Некто, называемый Крипюр («Черная кровь» Луи Гийу), уже на протяжении двадцати с лишним лет служит «посмешищем для всего города». Улица для него — «пытка». Он влачит по ней свое шимпанзеобразное тело, у него «вид огородного пугала» и уродливые ноги. Его «необычная походка» в окружении людей, даже стариков, которые приближаются к нему и его обгоняют, — настоящее мученичество. Он вынужден ежедневно сносить все смешки, которые раздаются вокруг него, все обиды и издевательства. «Маленькая полотняная шапочка, надвинутая на глаза, болтающийся козий полушубок, трость, вытянутая на манер шпаги, и мучительное усилие, с которым давался каждый шаг, как будто его длинные журавлиные ноги нужно было вытаскивать из липкой грязи… Одним словом, Крипюр выглядел на улице как канатоходец-сомнамбула. Близорукость придавала его лицу ошеломленный вид, сообщала его движениям медлительность и неуверенность пьяного или игрока в жмурки».

Сгорает ли Крипюр со стыда, он смешон или попросту уродлив? Во всяком случае, этот обладатель приклеившейся к нему клички[28] выглядит полной противоположностью Лорду Джиму, джентльмену, чья честь задета и чье главное желание — восстановить свое доброе имя. Крипюр пропитан субстанцией, применительно к которой слово «стыд» может даже показаться слишком слабым. И все же, на свой манер, он тоже Дон Кихот стыда. Как и у Джима, одно событие (предательство любимой женщины, его собственная трусость перед лицом соперника) опрокинуло его жизнь. И, как Джим, он будет искать выход в крайностях: сначала «капитальная пощечина» ненавистному' коллеге, потом самоубийство.

Но портрет, нарисованный выше, скрывает другую ипостась Крипюра: это утонченный философ, оригинальный ум. Его отделяют от мира в первую очередь его «бунтовские идеи». Его воспринимают то как «особенного человека», то (его бывшие ученики) как мэтра или «достойного человека». Созерцая мир свысока, он видит окружающих людей как мокриц и боится влезать в их шкуру. Его несчастье — чувствовать, что он, может быть, стал как они — «туго спеленатым, затерянным в глубинах человеком». Его отрада — оставаться вне, мыслить совершенно свободно, присутствовать при той или иной сцене, ощущая себя театральным зрителем, или превратиться в подводника: «Он внушил себе, что будет смотреть на весь окружающий мир не иначе как через перископ».

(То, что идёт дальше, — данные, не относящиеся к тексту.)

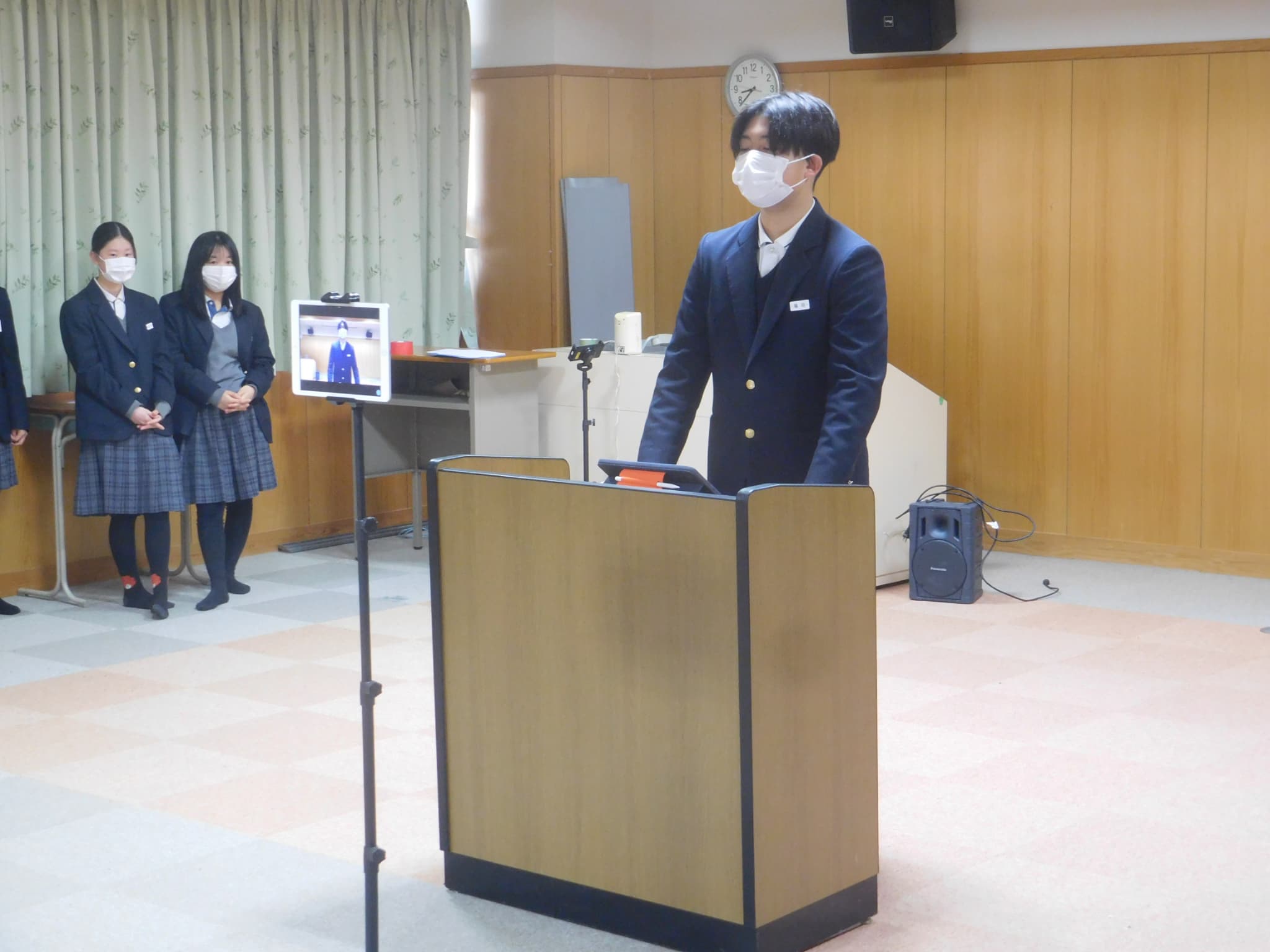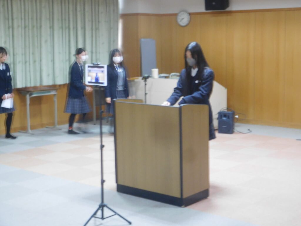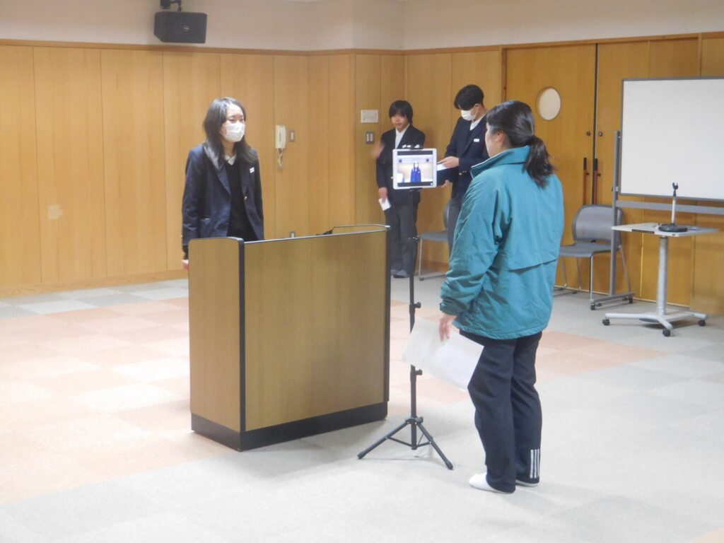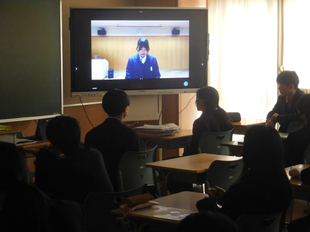 さて、本日(2/24)の朝、和みホールから各教室に向けてオンラインでの朝礼を実施しました。内容は後期生徒会委員会の委員長と3年の学年代表による後期の活動についてのまとめ発表でした。どの生徒も緊張感を持ちつつ、集中してしっかりと発表できました。自分たちの学校生活を自分たちでより良いものにしていこうという気持ちが伝わる発表となりました。これからも生徒が自分たちのよりよい学校生活に向けて主体的に考え、自分たちの願いを実現するために話し合ったり、協力し合ったりできる学校でありたいとい感じた朝礼でした。

Итак, Крипюр — не просто гротескное воплощение стыда. Он одновременно стыдится и презирает (оставаясь «привязанным к тому, что презирает»). В нем есть что-то от Ницше. Окружающих он воспринимает как «стадо». Больше всего его ужасает торжество пошлости. Таков парадокс Крипюра: величайший стыд сопрягается с самой большой возвышенностью ума. Его трагедия в том, что он, в отличие от лорда Джима, не сумел бежать. «Другим, которыми он восхищался, достало на это смелости. В один прекрасный день они разбили оковы позора, порвали якорную цепь, связывавшую их с равно гнусными настоящим, прошлым и будущим. Свободные, они были готовы попытать счастья».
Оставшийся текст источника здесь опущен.